THEORY OF VALUE AND MONEY IN DEFENCE OF THE ENDOGENEITY OF MONEY.
John MILIOS (National Technical University of Athens)
The Classical (Ricardian) theory of labour value was introduced as a well-defined
theoretical construct which aimed at expounding the way of functioning of a
capitalist economy. According to it, value should be identified with the quantity
of labour expended on the production of a commodity, and could be measured separately
for each one commodity and independently of money.
However, not only commodities, but also all other forms of useful things that
have ever been produced in human history were (and will always be) products
of labour. Useful things become commodities, hence values and exchange values,
not simply because they are products of labour but because they are products
of what Karl Marl defined as abstract labour, i.e. labour which is performed
within the framework of the capitalist mode of production.
The Marxian approach is a new complex theoretical construct, which replaces
the Classical semi-empirical category of "labour expended" with a monetary theory
of value: Value is a specific social relation manifesting itself in money. The
value of a commodity cannot be determined as such, but only through its form
of appearance; it cannot be determined in isolation but only in relation with
all other commodities in the exchange process. This exchange-value relation
is expressed through money, which thus becomes the most general form of appearance
of capital. Value is the key notion which deciphers what capital and money is.

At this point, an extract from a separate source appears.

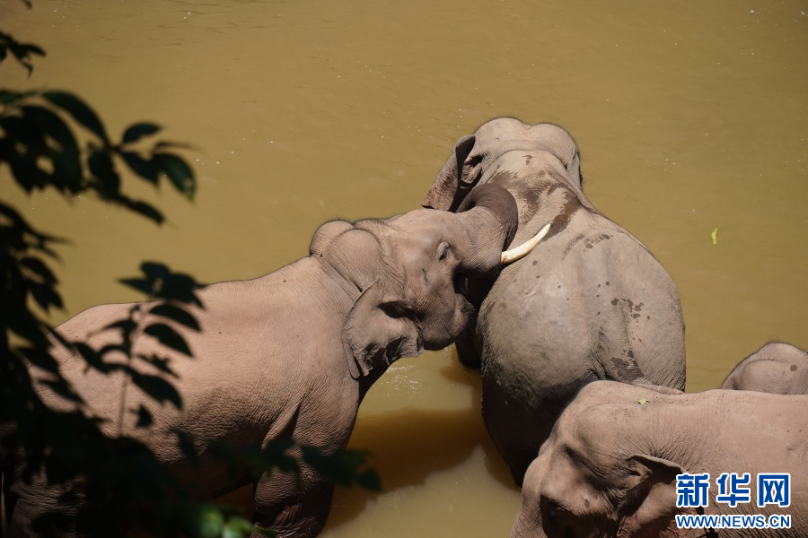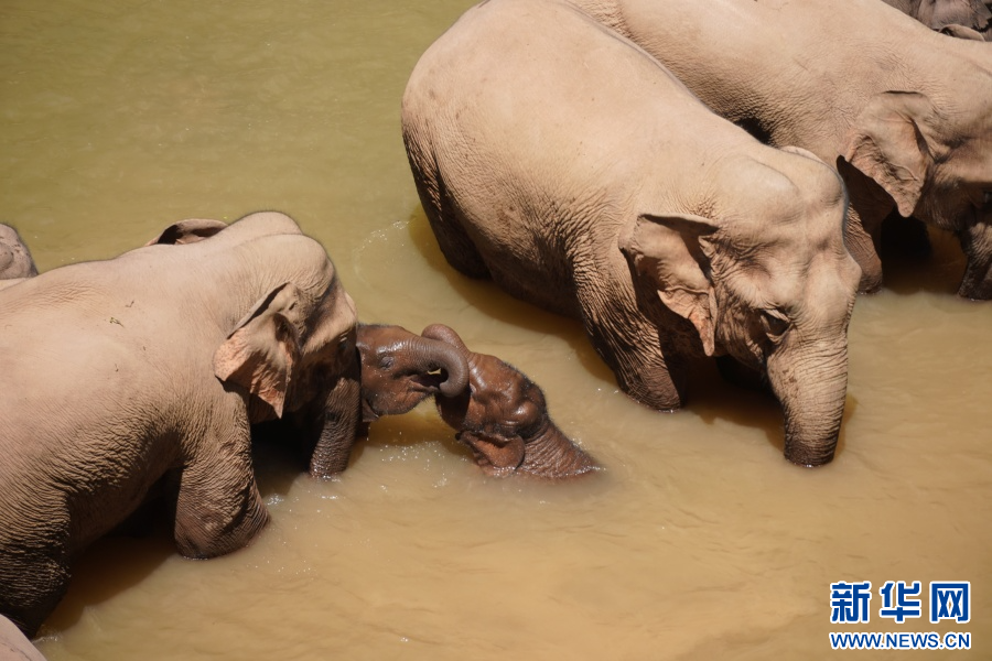 野象群正在玩耍(7月7日摄)。新华网发(徐华陵 摄)

It does not belong to the world of empirically detectable (and measurable) quantities;
only money does.
The Marxian monetary theory of value allows the comprehension of the endogeneity
and non-neutrality of money: Money is not the representative of a commodity
or a formal (exogenously issued by a certain authority), but the "embodiment"
of the capital relation: It is thus created in accordance with the process of
expanded reproduction of this relation.